AVAILABLE RECORDS:
○ ○ ○ ○ ○
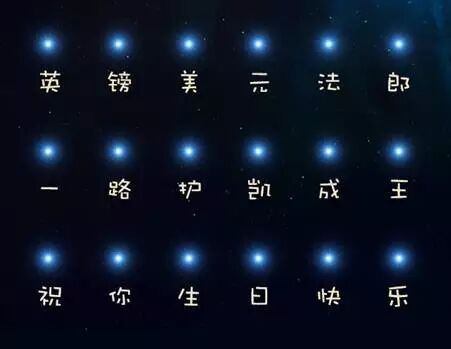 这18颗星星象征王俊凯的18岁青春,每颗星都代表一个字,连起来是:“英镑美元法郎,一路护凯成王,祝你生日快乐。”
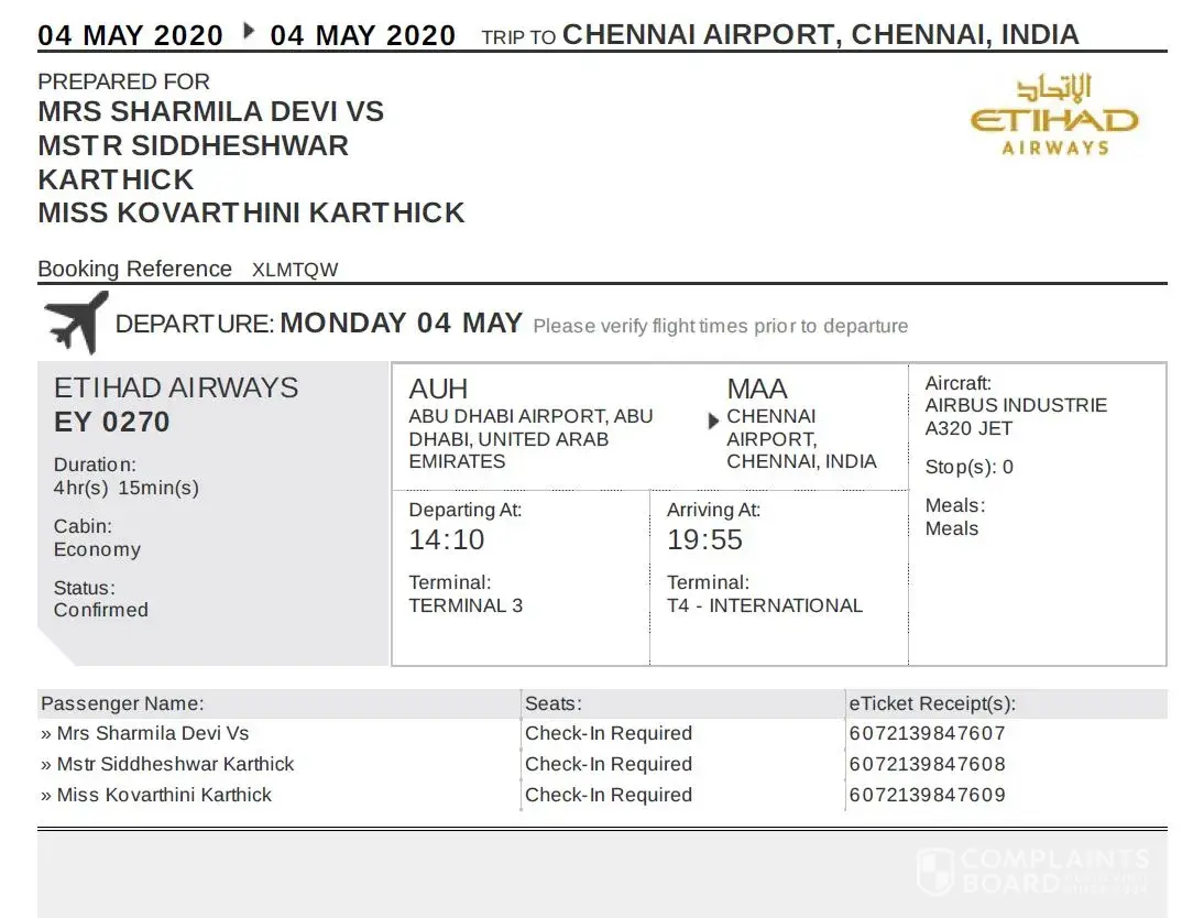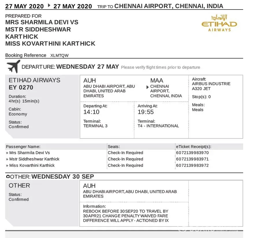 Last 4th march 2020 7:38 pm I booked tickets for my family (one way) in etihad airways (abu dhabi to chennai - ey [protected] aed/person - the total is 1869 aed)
○ ○ ○ ○ ○
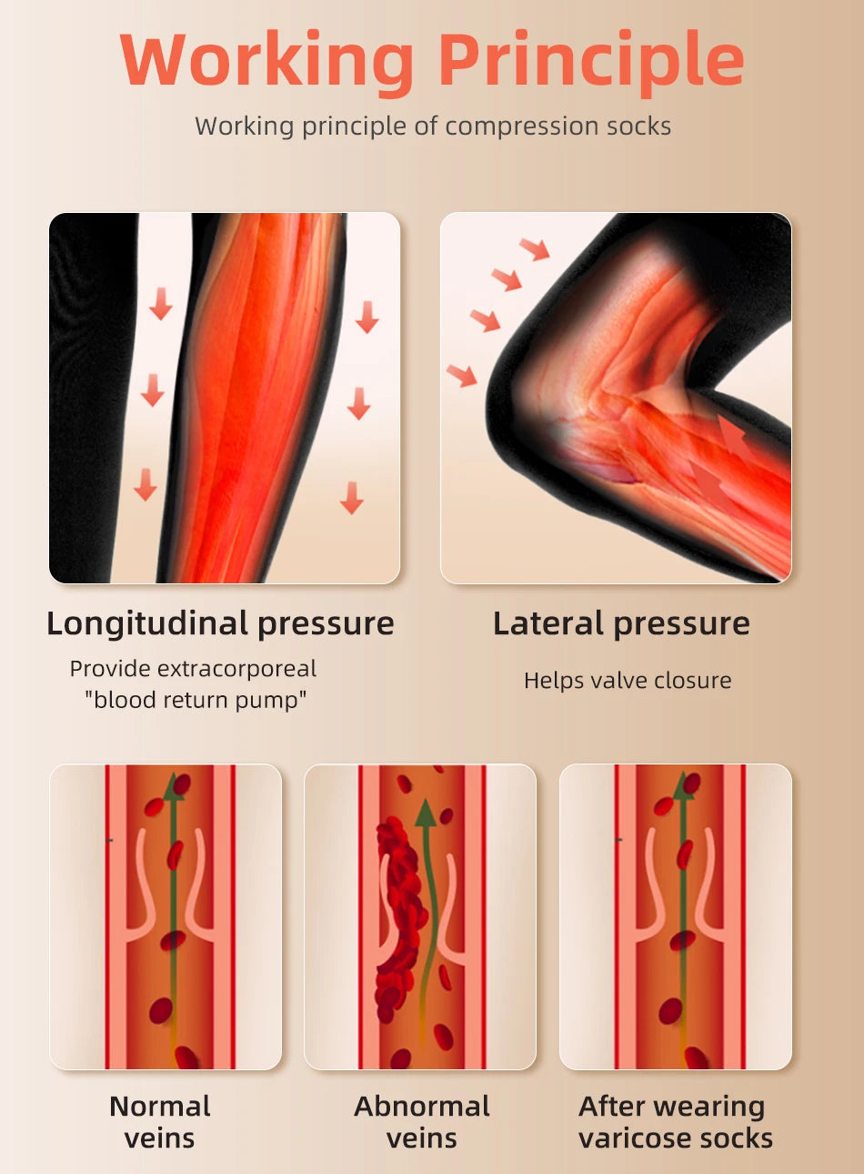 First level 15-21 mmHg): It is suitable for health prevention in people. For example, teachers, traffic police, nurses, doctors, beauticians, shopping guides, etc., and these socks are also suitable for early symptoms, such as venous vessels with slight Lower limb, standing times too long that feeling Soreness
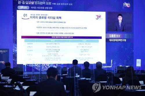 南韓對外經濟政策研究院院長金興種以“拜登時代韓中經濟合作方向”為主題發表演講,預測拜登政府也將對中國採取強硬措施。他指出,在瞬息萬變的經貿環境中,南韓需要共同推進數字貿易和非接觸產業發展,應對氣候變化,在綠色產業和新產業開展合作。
○ ○ ○ ○ ○
PROBLEM TO WORK ON:
In the listing above, find the line containing "First level 15-21" and the line containing "南韓對外經濟政策研究院院長金", then print exactly those two lines and every line between them, minus the pictures.

ANSWER BOX:
 First level 15-21 mmHg): It is suitable for health prevention in people. For example, teachers, traffic police, nurses, doctors, beauticians, shopping guides, etc., and these socks are also suitable for early symptoms, such as venous vessels with slight Lower limb, standing times too long that feeling Soreness
 南韓對外經濟政策研究院院長金興種以“拜登時代韓中經濟合作方向”為主題發表演講,預測拜登政府也將對中國採取強硬措施。他指出,在瞬息萬變的經貿環境中,南韓需要共同推進數字貿易和非接觸產業發展,應對氣候變化,在綠色產業和新產業開展合作。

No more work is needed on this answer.